I would like to use a fast slicing method that doesn't require reshaping the 1-D array to a 2-D array.

Desired Output:

np.ravel(a1[row1:row2, col1:col2])

>> array([ 22,  33, 222, 333])

I got as far as getting the start and ending positions, but this just selects ALL data between these points (i.e. extra columns).

idx_start = (row1 * cols) + col1
idx_end   = (row2 * cols) + col2

Update: I just tried Jaime's brilliant answer, but it appears that netCDF4 won't allow for 2-D indices.

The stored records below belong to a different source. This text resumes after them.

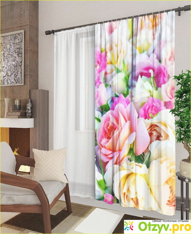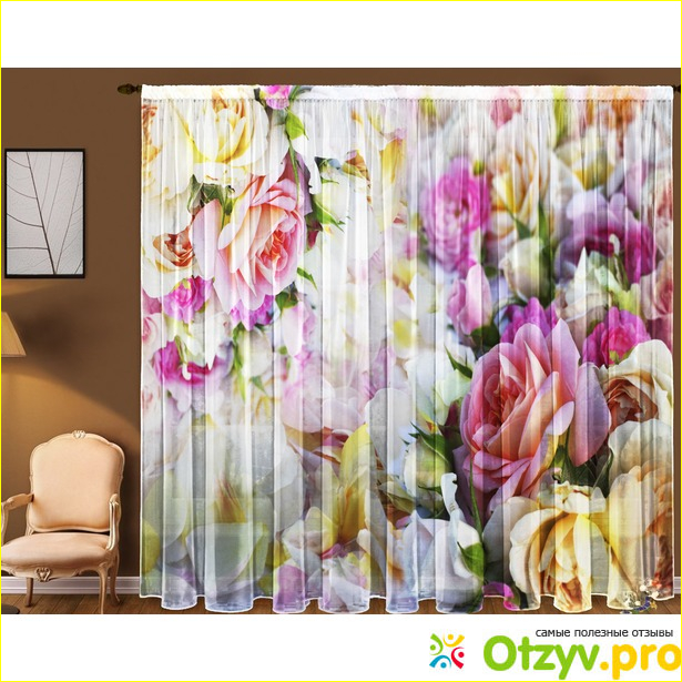 Так, в данном случае фотопечать не простая, а выполненная с применением 3D технологий: рисунок кажется объемным, настоящим, живым. Это придает тюлю необычности, красоты и оригинальности, а всему интерьеру — оживления красок.
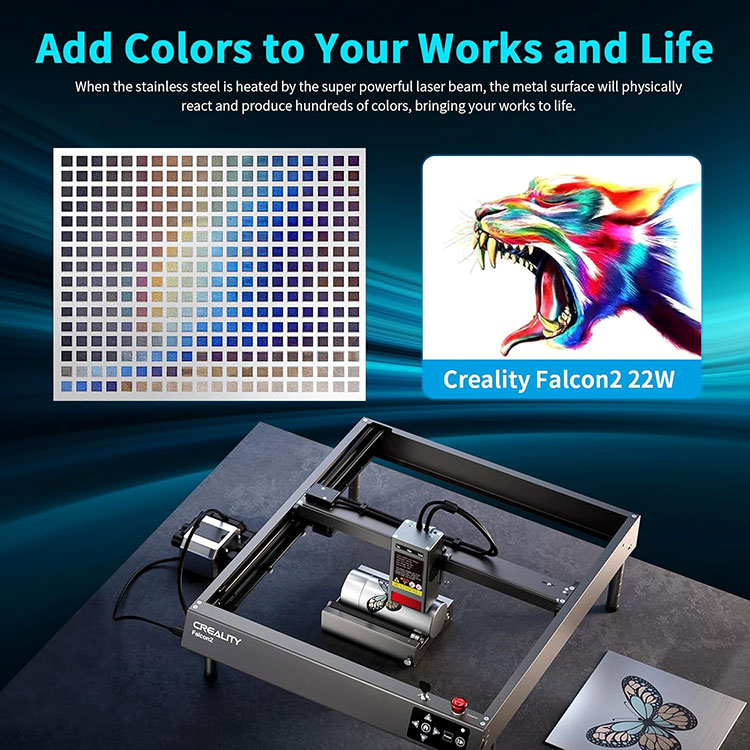 ·งานที่มีสีสันชีวิตที่มีสีสัน:เมื่อสแตนเลสถูกทำให้ร้อนด้วยลำแสงเลเซอร์ที่ทรงพลังอย่างยิ่งจากเครื่องแกะสลักเลเซอร์ Creality พื้นผิวโลหะจะตอบสนองทางร่างกายและผลิตหลายร้อยสีทำให้ผลงานของคุณมีชีวิตอยู่
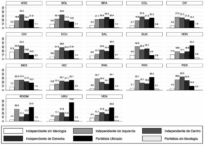 Al tener en cuenta lo anterior, es pertinente mostrar el panorama de este fenómeno en perspectiva comparada en América Latina, pues la descripción de la independencia partidista en distintos sitios puede dar indicios que permitan comprender fenómenos políticos que están ocurriendo hoy en día en la región y evaluar, al menos panorámicamente, la existencia de un lazo programático en los independientes, el potencial de anclaje electoral que pueden tener los partidos políticos de acuerdo a la presencia de la ideología y la cristalización de las etiquetas de izquierda y de derecha en el electorado latinoamericano sin identidad partidaria.

z = dataset.variables["z"][idx]
  File "netCDF4.pyx", line 2613, in netCDF4.Variable.__getitem__ (netCDF4.c:29583)
  File "/usr/local/lib/python2.7/dist-packages/netCDF4_utils.py", line 141, in _StartCountStride
    raise IndexError("Index cannot be multidimensional.")
IndexError: Index cannot be multidimensional.
Community
  • 1
  • 1
ryanjdillon
  • 17,658
  • 9
  • 85
  • 110

3 Answers3

1

You can get what you want with a combination of np.ogrid and np.ravel_multi_index:

>>> a1
array([    1,     2,     3,     4,    11,    22,    33,    44,   111,
         222,   333,   444,  1111,  2222,  3333,  4444, 11111, 22222,
       33333, 44444])
>>> idx = np.ravel_multi_index((np.ogrid[1:3,1:3]), (5, 4))
>>> a1[idx]
array([[ 22,  33],
       [222, 333]])

You could of course ravel this array to get a 1D return if that's what you are after. Notice also that this is a copy of your original data, not a view.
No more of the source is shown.